Data excerpts:
-- Opening Marker --
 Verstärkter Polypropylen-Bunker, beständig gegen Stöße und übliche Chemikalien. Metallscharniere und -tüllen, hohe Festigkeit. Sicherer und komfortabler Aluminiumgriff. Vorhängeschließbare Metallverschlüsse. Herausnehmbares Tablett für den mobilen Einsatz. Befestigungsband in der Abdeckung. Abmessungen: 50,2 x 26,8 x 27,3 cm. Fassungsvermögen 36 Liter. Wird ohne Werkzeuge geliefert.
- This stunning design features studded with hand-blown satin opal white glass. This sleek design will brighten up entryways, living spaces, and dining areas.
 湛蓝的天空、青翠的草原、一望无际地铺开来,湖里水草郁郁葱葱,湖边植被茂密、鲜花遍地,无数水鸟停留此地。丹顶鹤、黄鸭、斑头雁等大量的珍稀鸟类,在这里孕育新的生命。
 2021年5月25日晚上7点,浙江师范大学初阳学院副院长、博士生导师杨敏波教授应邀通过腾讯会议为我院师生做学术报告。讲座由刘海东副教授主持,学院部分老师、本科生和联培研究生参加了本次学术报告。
-- Closing Marker --
-- Opening Marker --
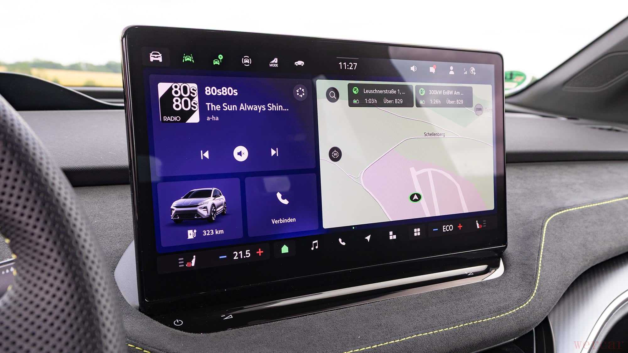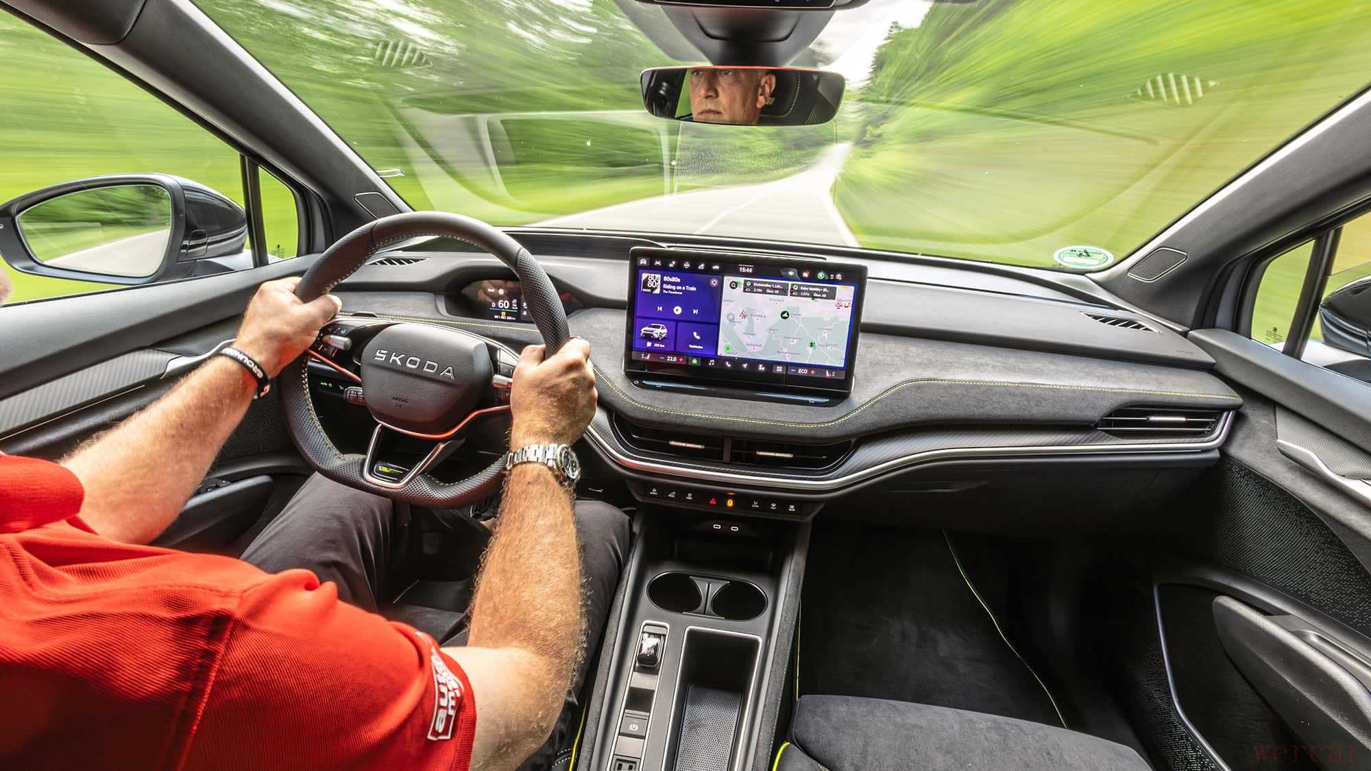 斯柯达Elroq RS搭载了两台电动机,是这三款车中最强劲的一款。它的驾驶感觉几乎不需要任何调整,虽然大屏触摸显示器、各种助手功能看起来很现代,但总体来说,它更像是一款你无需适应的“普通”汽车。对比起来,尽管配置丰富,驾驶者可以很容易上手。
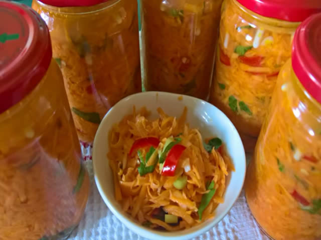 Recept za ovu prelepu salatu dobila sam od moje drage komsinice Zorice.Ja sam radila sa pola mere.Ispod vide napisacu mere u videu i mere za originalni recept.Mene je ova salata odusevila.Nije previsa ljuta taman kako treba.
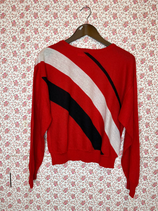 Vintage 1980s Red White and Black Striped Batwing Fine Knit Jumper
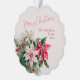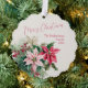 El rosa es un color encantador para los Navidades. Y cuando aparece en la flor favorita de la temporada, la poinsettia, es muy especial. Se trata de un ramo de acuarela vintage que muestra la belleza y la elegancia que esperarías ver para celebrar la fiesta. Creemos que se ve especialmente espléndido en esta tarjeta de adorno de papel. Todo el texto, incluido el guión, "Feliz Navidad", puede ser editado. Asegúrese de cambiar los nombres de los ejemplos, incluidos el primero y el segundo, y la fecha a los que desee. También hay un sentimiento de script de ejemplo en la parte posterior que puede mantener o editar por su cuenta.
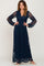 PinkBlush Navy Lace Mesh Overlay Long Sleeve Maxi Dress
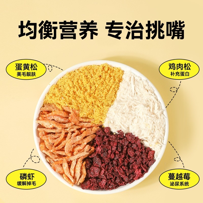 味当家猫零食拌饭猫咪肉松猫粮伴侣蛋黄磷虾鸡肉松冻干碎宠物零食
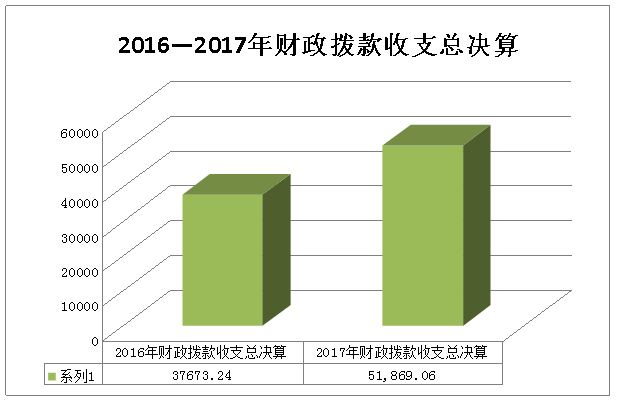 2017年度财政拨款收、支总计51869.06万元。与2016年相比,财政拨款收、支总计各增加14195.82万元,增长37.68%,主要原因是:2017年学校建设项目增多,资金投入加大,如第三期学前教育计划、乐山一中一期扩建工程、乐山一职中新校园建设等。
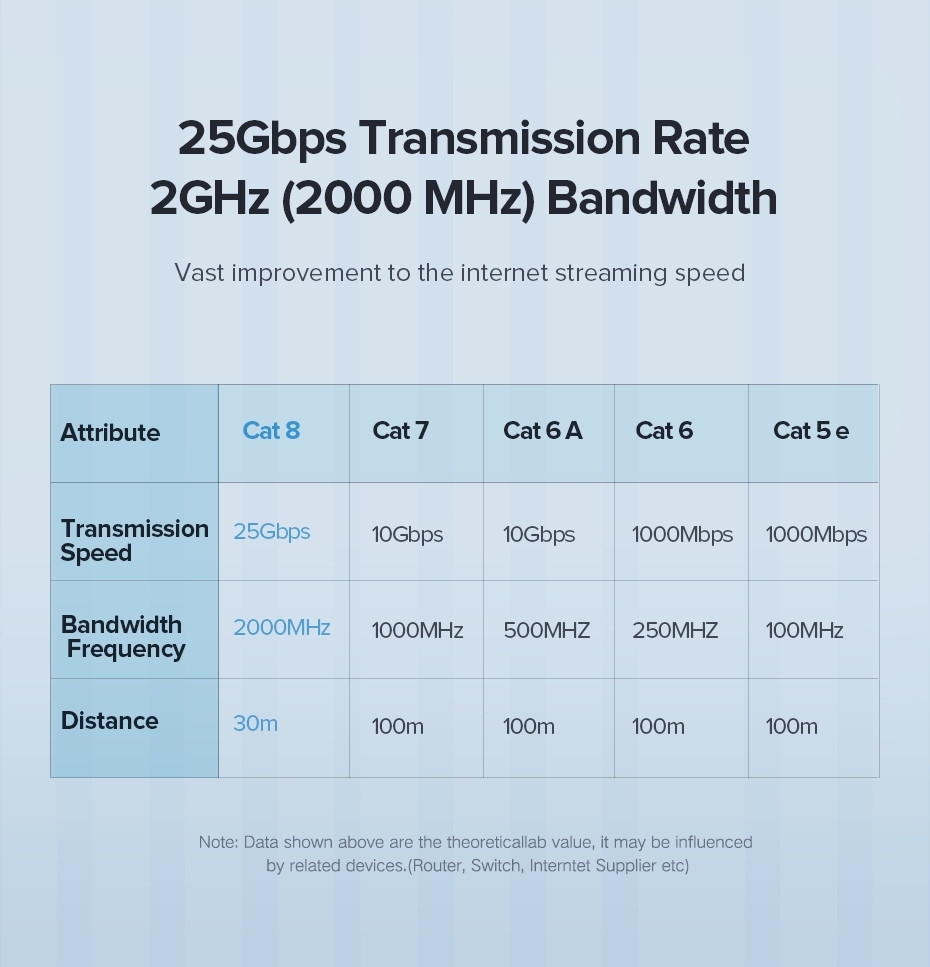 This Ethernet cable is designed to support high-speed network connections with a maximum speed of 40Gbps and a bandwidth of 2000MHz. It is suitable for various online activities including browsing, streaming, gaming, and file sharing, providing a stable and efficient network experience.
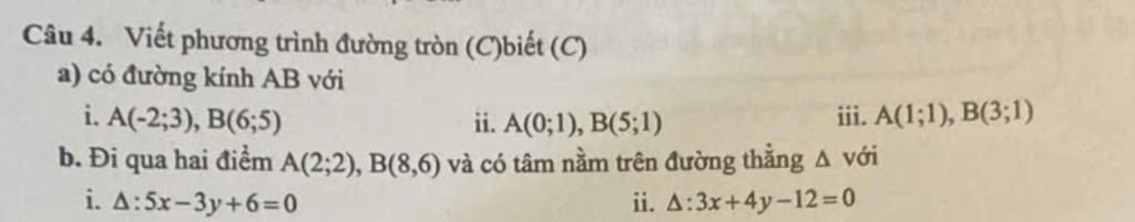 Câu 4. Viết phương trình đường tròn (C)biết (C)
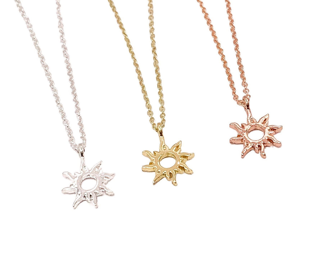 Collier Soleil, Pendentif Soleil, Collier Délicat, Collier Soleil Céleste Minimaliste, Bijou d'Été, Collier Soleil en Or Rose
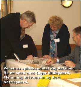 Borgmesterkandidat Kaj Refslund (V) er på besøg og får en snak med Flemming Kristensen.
-- Closing Marker --
-- Opening Marker --
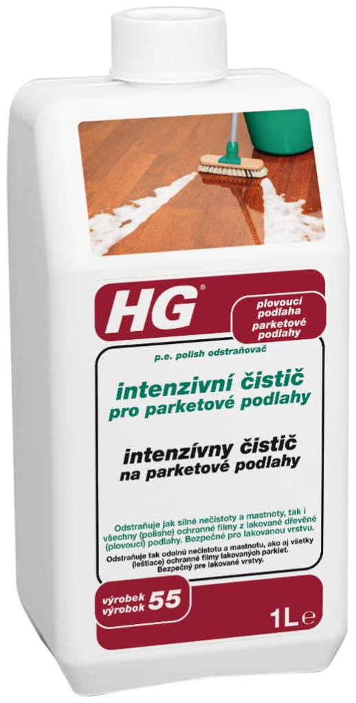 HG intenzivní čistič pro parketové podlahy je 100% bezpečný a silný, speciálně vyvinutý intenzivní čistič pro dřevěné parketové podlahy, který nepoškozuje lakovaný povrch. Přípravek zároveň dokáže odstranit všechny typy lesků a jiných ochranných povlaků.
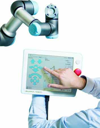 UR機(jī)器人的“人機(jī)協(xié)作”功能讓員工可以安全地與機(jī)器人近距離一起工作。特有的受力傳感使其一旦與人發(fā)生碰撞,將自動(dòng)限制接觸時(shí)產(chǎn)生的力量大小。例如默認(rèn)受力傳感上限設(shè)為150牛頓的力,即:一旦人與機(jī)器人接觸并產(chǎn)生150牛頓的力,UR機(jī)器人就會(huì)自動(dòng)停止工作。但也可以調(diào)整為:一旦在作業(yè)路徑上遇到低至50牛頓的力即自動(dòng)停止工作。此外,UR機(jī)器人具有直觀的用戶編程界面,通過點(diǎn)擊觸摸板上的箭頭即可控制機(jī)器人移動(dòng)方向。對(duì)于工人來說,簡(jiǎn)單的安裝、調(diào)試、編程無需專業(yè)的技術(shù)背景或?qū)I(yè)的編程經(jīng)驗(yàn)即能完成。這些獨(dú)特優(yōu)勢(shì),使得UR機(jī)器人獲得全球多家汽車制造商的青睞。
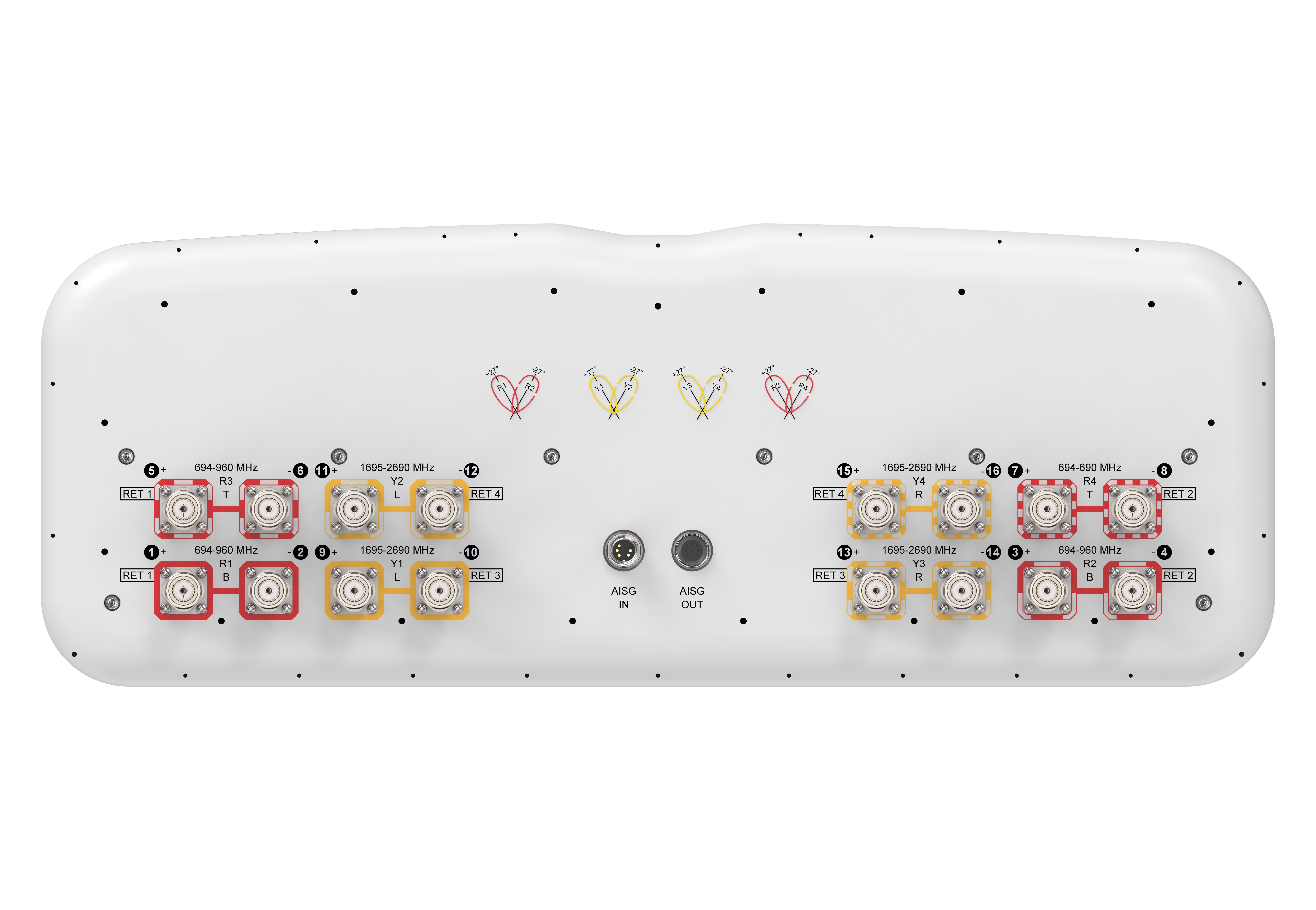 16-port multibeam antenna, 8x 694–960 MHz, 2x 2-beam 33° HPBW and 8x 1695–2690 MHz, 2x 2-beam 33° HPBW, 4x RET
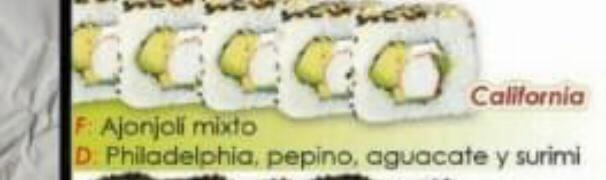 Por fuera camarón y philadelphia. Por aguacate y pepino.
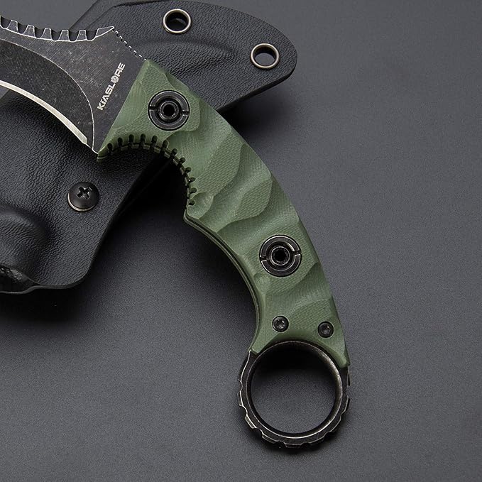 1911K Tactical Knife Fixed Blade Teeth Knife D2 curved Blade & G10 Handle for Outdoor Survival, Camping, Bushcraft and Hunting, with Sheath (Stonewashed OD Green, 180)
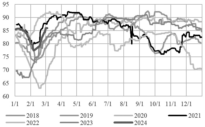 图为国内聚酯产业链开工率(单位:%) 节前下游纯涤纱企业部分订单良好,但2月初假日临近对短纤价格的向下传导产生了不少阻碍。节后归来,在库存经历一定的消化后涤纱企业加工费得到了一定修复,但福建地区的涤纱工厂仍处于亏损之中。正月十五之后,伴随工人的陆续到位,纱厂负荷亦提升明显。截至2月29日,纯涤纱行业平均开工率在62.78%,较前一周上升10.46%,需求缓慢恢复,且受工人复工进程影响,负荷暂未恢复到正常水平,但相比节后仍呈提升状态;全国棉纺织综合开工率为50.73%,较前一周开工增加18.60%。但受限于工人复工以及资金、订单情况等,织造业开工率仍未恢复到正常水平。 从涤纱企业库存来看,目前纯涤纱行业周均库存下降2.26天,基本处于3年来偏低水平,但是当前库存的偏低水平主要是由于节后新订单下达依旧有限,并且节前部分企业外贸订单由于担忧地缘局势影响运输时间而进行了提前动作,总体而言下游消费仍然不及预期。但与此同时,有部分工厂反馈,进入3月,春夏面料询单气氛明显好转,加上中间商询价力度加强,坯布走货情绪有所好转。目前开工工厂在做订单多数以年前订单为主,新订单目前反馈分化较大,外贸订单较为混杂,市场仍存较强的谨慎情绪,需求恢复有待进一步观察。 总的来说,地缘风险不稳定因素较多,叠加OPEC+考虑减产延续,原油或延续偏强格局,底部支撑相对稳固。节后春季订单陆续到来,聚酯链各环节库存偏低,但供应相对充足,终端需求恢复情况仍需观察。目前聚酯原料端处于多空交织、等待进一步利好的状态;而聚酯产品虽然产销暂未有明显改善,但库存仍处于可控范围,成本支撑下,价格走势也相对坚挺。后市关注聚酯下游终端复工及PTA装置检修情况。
-- Closing Marker --
Work required:
Among the entries above, the line containing "- This stunning", the line containing "2021年5月25日晚上7点", and all lines between them are to be restated word for word; nothing else belongs in the reply.

Solution for this problem:
- This stunning design features studded with hand-blown satin opal white glass. This sleek design will brighten up entryways, living spaces, and dining areas.
 湛蓝的天空、青翠的草原、一望无际地铺开来,湖里水草郁郁葱葱,湖边植被茂密、鲜花遍地,无数水鸟停留此地。丹顶鹤、黄鸭、斑头雁等大量的珍稀鸟类,在这里孕育新的生命。
 2021年5月25日晚上7点,浙江师范大学初阳学院副院长、博士生导师杨敏波教授应邀通过腾讯会议为我院师生做学术报告。讲座由刘海东副教授主持,学院部分老师、本科生和联培研究生参加了本次学术报告。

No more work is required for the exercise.